The thing I was planning to write today got erased from my brain.

Because of the explosions.

I honestly thought I was mostly over all the post-traumatic stress crap that accumulated in my mind/body from a decade living in the Middle East. Hahahahaha. No.

This is my brain on stress, fear and terror.

I mean, not this. I’m fine now.

It was the Fourth of July.

Of course I knew it was coming. I even practiced reminding myself that these are just fireworks. It’s just kids. It’s just noise.

During the day my brother and I walked through the city and watch teenage boys setting off little mini firecrackers. I didn’t jump. I didn’t cry. It was going to be okay.

At night we went to sit outside with our neighbors to watch the neighborhood display. It was a little chaotic, but I was fine.

Some of the smaller kids were crying, and I remember saying semi-jokingly that we needed a designated hugger.

It was fine. But then there was a shrieking whistle and an explosion right above me.

And I was running panicked to the house.

That wasn’t the scary part.

Sure, I was terrified. And crying. And bewildered.

But the scary part was what happened to my brain. Because it went straight into this-is-a-terrorist-attack mode so smoothly and seamlessly that it was as if no time had elapsed since the last one.

In the first moments I had no thoughts at all other than my feet on the pavement and getting into the house.

Once the door was closed behind me, trauma-mode brain went into “here’s what happens next” overdrive.

“Okay. First you need to let people know where you are and that you’re okay. Of course, the cellular network is going to crash, so see if we can get through on a landline …”

There was still a part of me trying to insert something of now back into my consciousness. Reminding me.

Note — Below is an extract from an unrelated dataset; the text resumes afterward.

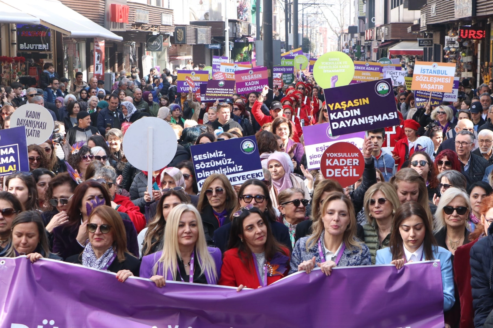 Bursa Büyükşehir Belediyesi, Osmangazi Belediyesi, Nilüfer Belediyesi ve Bursa, Osmangazi ve Nilüfer Kent Konseylerinin Kadın Meclisleri’nin çağrısıyla Cumhuriyet Caddesi’nde buluşan kadınlar buradan Hanlar Bölgesi’ne yürüdü. Barış Kadın Bandosu’nun eşlik ettiği yürüyüşte kadınlar özgürlük şarkıları ve sloganlarıyla kadınlar için daha adil, eşit ve özgür bir dünya taleplerini haykırdılar.

“It’s fireworks, sweetie. You’re okay. No one’s dead.”

But it took seeing my gentleman friend looking at me with the most concerned, loving, and compassionate expression to get me to fully switch gears.

And it got better.

I went to bed.

My gentleman friend used emergency calming techniques on me, because I was too much of a wreck to do it myself.

And I slept. With explosions still going on outside the window. With shrieking. Sirens. I slept for ten hours and when I woke up I wasn’t scared.

And I had learned at least three things that I thought I already knew. Or at least was able to get a little better at internalizing them.

So yeah. I’m going to talk about them here, because that’s what I do.

Realization #1: We’re not done working on our stuff.

The funny thing is that this one is so incredibly familiar.

Often when I’m working with a new client and something really stuckified comes up, there’s an element of surprise and annoyance in their reaction.

Like, noooooooooo how can it be that this thing STILL isn’t resolved after all those years working on it?????

So I’m used to the idea that there are layers and layers and layers to work through. And that each time we heal one part of something, it’s not an ending. It’s just the opportunity to start clearing out even more.

But this really hit home for me just how much “we’re not done yet” there is. And how much time and love it takes to keep remembering that.

Realization #2: Permission. Still a really big deal.

Permission to stop everything and give myself comfort.

Permission to take time and acknowledge just how much trauma I’m carrying. How much we are carrying. All of us.

Permission to remember. Permission to not have to remember.

Permission to be someone who still is processing a lot of hurt.

Permission to be a total freaking train wreck sometimes.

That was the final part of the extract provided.